Unlike Cruz, Marco Rubio didn’t spend months praising the semi-fascist joker in hopes that the “anti-establishment” vote would one day drop into his lap, but he didn’t attack him frontally either. He hopes that clearing the field of competitors will permit him to defeat Trump one-on-one.
Those hoping that Trump will say or do something to disqualify himself have surely seen by now that we are in a new world. His gaffes — I don’t need to list them, do I? — have not hurt him. The more he vomits venom, the more free press he gets. While Cruz keeps pounding Rubio as insufficiently harsh on immigration, Trump — a corrupt, on-and-off-again Democrat promising trade wars, universal health care and war crimes — is winning.
If ever there were a moment for a Republican establishment — a powerful cabal of donors, officeholders and power brokers — to intervene, this would be it. Because if Trump is the Republican nominee, it spells the end of the party as a conservative vehicle. Deluded voters who imagine they are getting the anti-Obama by voting for Trump are in for the biggest disillusionment yet.
But, of course, the “Republican establishment” is not going to ride to the rescue, because it is itself mostly a shell.
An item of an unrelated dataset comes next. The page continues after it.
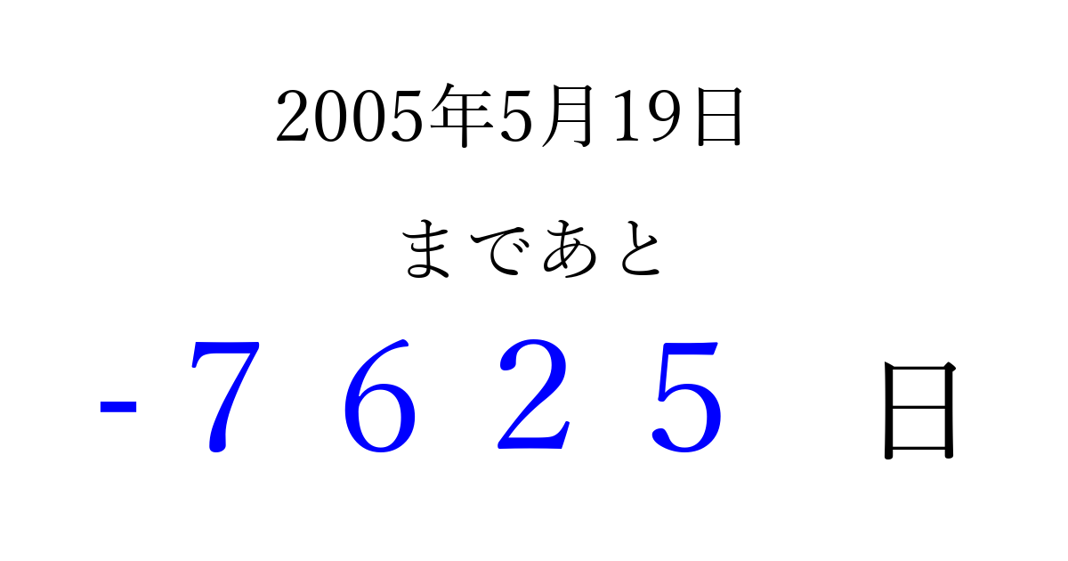 2005年5月19日(木)は もう 0000 日過ぎました 追加すると、トップページからすぐ選べるようになります ※2026/04/04現在の結果です。 最新の状態に更新する ↓シェアして、タイムライン上にカウントダウンを表示しよう!↓ 📤 この結果を共有する Tweet シェア Threads Bluesky 別の日付でカウントダウン 2005年5月のカレンダー このページをブックマークに追加すると、いつでもカウントダウンを確認できます。 (PC: Ctrl+D / Mac: ⌘+D) hitome-notes.comでは以下のページも運営しています。 指定日と期間から日付を計算 | ガチャ確率計算・シミュレーション | プライバシー・ポリシー 運営者:Avocado

Money doesn’t buy elections (see “Bush, Jeb”).
I believe Rubio to be the most viable non-Trump candidate left. But above all, he and the others must abandon the strategy of fratricide. The winner cannot rely on anti-Trump votes alone; he must undermine support for Trump.
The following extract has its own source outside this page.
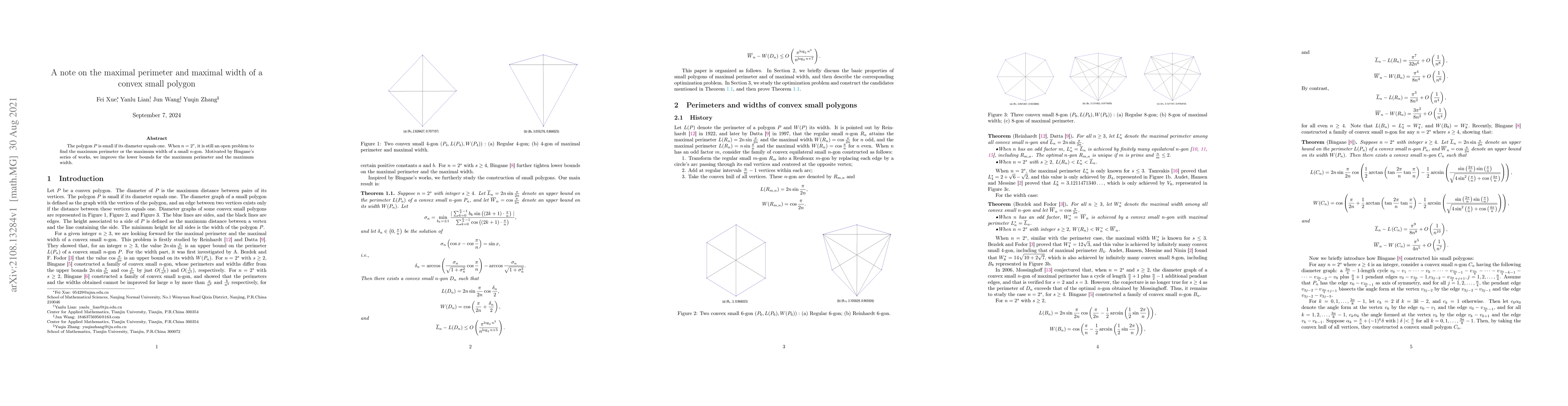The polygon $P$ is small if its diameter equals one. When $n=2^s$, it is still an open problem to find the maximum perimeter or the maximum width of a small $n$-gon. Motivated by Bingane's series of works, we improve the lower bounds for the maximum perimeter and the maximum width.

Trump is not strong; he’s frighteningly weak. He arguably suffers from narcissistic personality disorder; his wobbly self-esteem needs constant, mantra-like invocations of his own fabulousness and endless affirmation from others. He goes ballistic when suffering even the smallest slight. He’s an ignoramus. Ads should remind voters, for example, that he doesn’t know what the nuclear triad is. His whole foreign policy experience is being on a TV show with Vladimir Putin, who he praises. Putin said something nice about Trump, and Trump praised him in return. What’s a few murders between amigos?
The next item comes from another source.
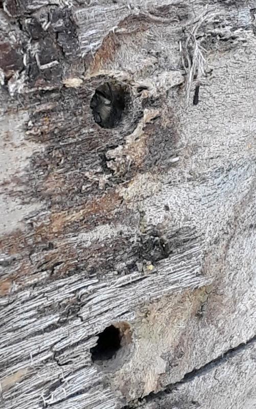 Ich habe mal eine Identifikationsfrage an die Experten. Leider habe ich das Tierchen nur von seiner hübschen Kehrseite fotografieren können. In einer atemberaubenden Geschwindigkeit (sie hat gerade mal 1 Stunde gebraucht um komplett im Holz zu verschwinden :o) hat sie ein Loch in meinen Holzklotz neben der Nisthilfe gebohrt. Dabei konnte ich sie leider nie von vorn sehen. Das Loch ist mit max. 3mm Durchmesser winzig. Genau wie seine Erbauerin (wenn es hoch kommt vielleicht 6-7mm?). Die Flügel scheinen gräulich zu sein und der Hinterleib ist haarlos und blauschwarz schimmernd. Eine Zeichnung an dem Beinen konnte ich auch nicht sehen. Einfach nur schwarz. Kann man anhand dieser Popofotos etwas sagen?

Trump is a Clinton-class liar. Split screens ought to clarify that. He didn’t oppose the Iraq War; he was for it. He’s not self-funding his campaign; he’s collected millions in contributions. He evaded the draft and then offered that sleeping around and risking STDs was his “personal Vietnam.”
Unlike, say, Mitt Romney, who Democrats effectively caricatured as a cruel business tycoon, Trump really is one. He has a history of paying off elected officials to get special treatment, stiffing business associates and abusing those who work for him, such as the “Polish brigade” of illegal immigrants who helped build Trump tower. He ran four businesses into bankruptcy. He’s not a self-made man who “built a great company”; he inherited millions from his dad. He’s almost certainly vastly exaggerating his net worth. He donated more to the Clinton Foundation than to veterans’ charities. And how much of the money he collected for veterans at the Iowa stunt has been distributed?
That’s a start, gentlemen. There’s plenty more. The con man must be unmasked.